WHAT YOU WILL DO: Of the lines in the material below, print only those from the one containing "杞里香100g(2罐)礼盒装" to the one containing "La vitesse est", ends included, exactly as written and without pictures.

EXTRACTED RECORDS:
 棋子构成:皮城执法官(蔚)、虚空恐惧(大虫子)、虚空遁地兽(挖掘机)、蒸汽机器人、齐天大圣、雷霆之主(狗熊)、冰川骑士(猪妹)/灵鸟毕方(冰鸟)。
--
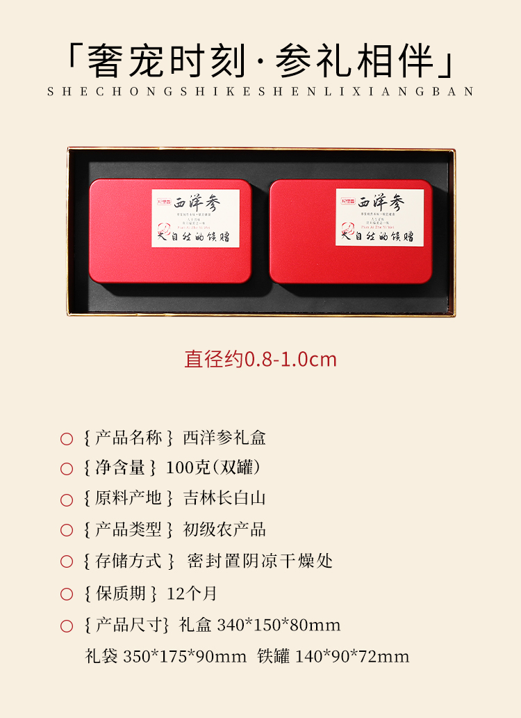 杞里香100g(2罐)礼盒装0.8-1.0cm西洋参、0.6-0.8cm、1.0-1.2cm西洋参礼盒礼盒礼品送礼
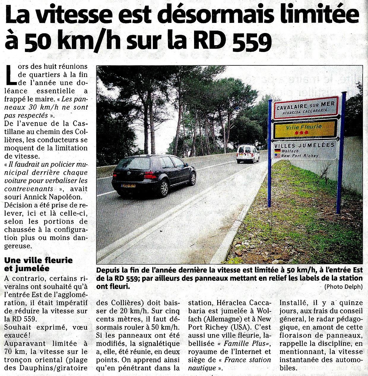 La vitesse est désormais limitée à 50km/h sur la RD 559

EXERCISE ANSWER:
 杞里香100g(2罐)礼盒装0.8-1.0cm西洋参、0.6-0.8cm、1.0-1.2cm西洋参礼盒礼盒礼品送礼
 La vitesse est désormais limitée à 50km/h sur la RD 559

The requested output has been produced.